→ **Directions**:
For every line below, restate it exactly and drop the images.

→ **Data extract**:

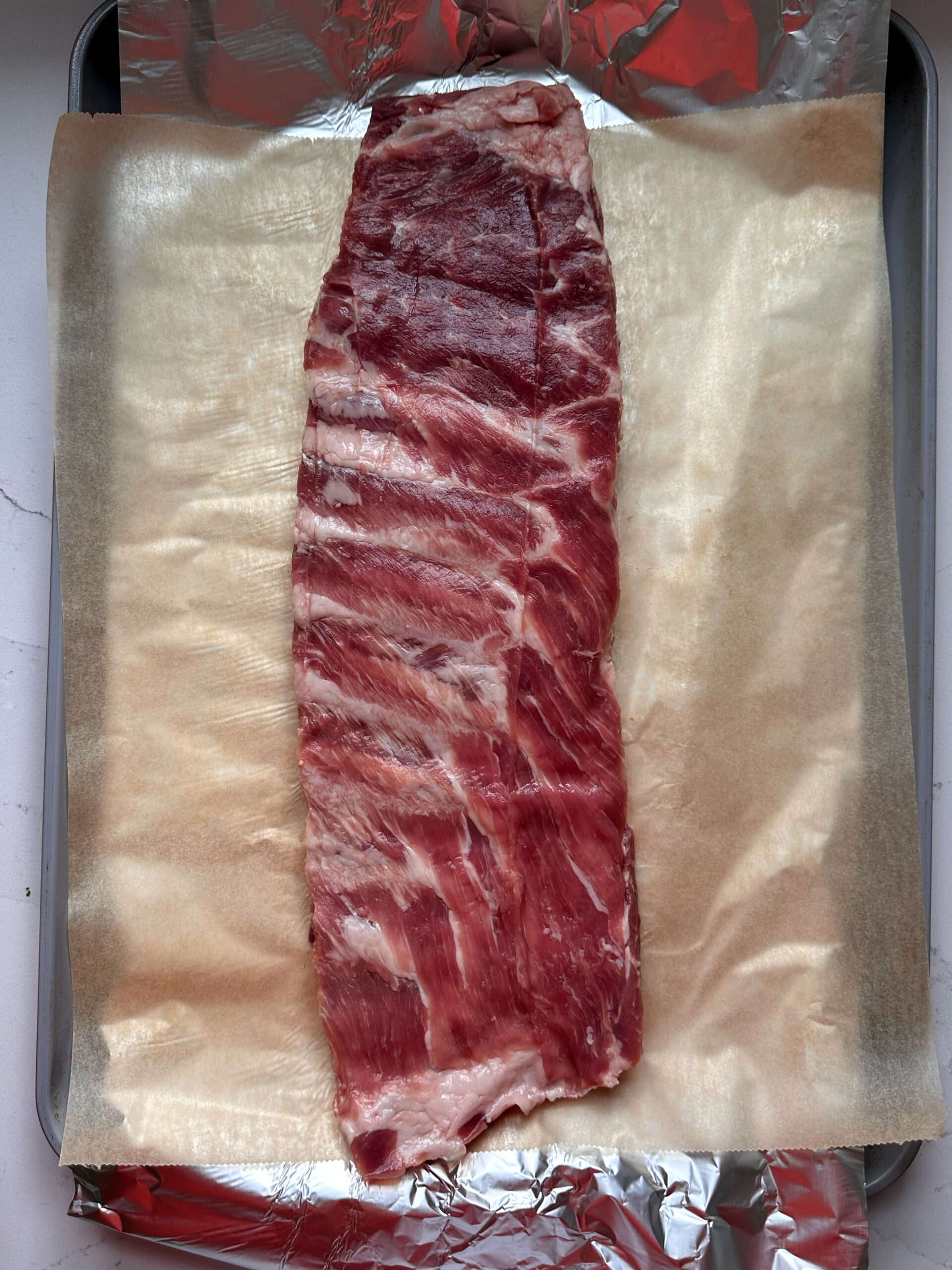 - Create a Cooking Packet: Tear off a sheet of aluminum foil slightly longer than the rack of ribs. Place a sheet of parchment paper of similar size directly on top of the foil. Lay the rack of ribs, bone side down, on top of the parchment.
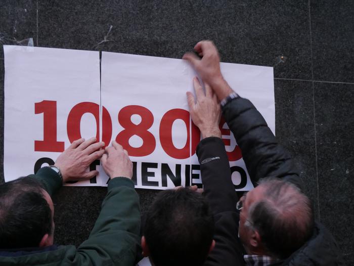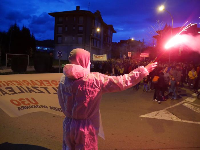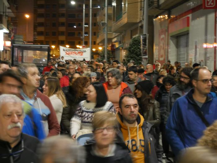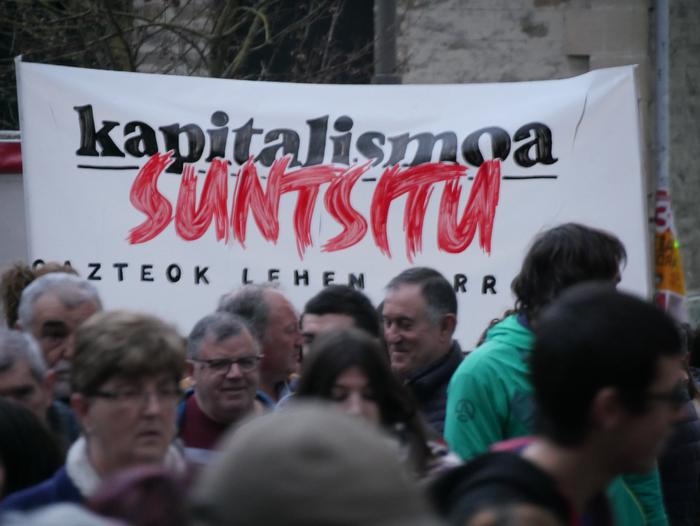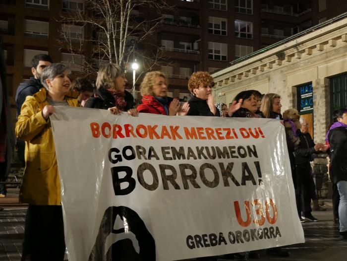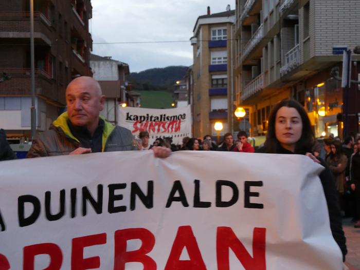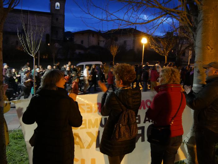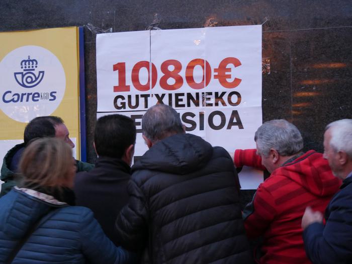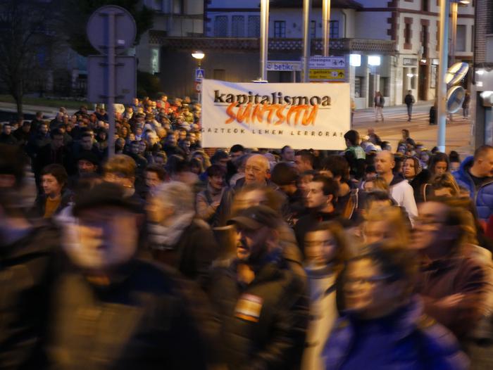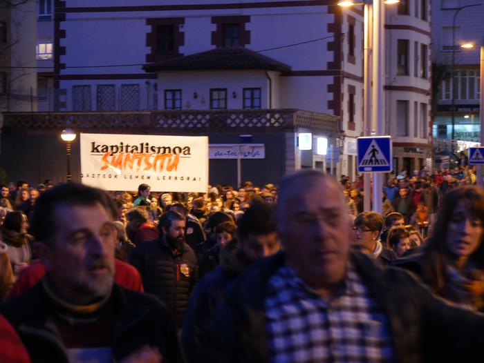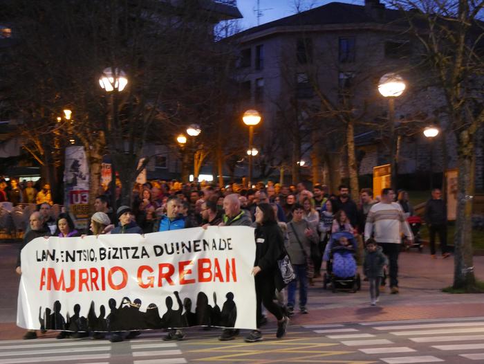 Manifestazioak ibilbide luzea egin du eta joko aretoan, Correosen, Lanbiden, Gizarte Segurantzan, epaitegian eta plazan bertan gelditu da.
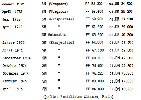 Der Citroen SM war nicht nur das modernste und eines der schönsten Autos seiner Zeit, sondern (leider) auch eines der teuersten. Wie sich die Preise während seiner Bauzeit entwickelt haben, zeigt die folgende Preiliste. Man beachte, dass damals das Geld mehr Wert war, als heute. Inflationsbereinigt wäre der SM auch heute noch in der absoluten Preis-Spitzenklasse.

→ **Finished task**:
 - Create a Cooking Packet: Tear off a sheet of aluminum foil slightly longer than the rack of ribs. Place a sheet of parchment paper of similar size directly on top of the foil. Lay the rack of ribs, bone side down, on top of the parchment.
 Manifestazioak ibilbide luzea egin du eta joko aretoan, Correosen, Lanbiden, Gizarte Segurantzan, epaitegian eta plazan bertan gelditu da.
 Der Citroen SM war nicht nur das modernste und eines der schönsten Autos seiner Zeit, sondern (leider) auch eines der teuersten. Wie sich die Preise während seiner Bauzeit entwickelt haben, zeigt die folgende Preiliste. Man beachte, dass damals das Geld mehr Wert war, als heute. Inflationsbereinigt wäre der SM auch heute noch in der absoluten Preis-Spitzenklasse.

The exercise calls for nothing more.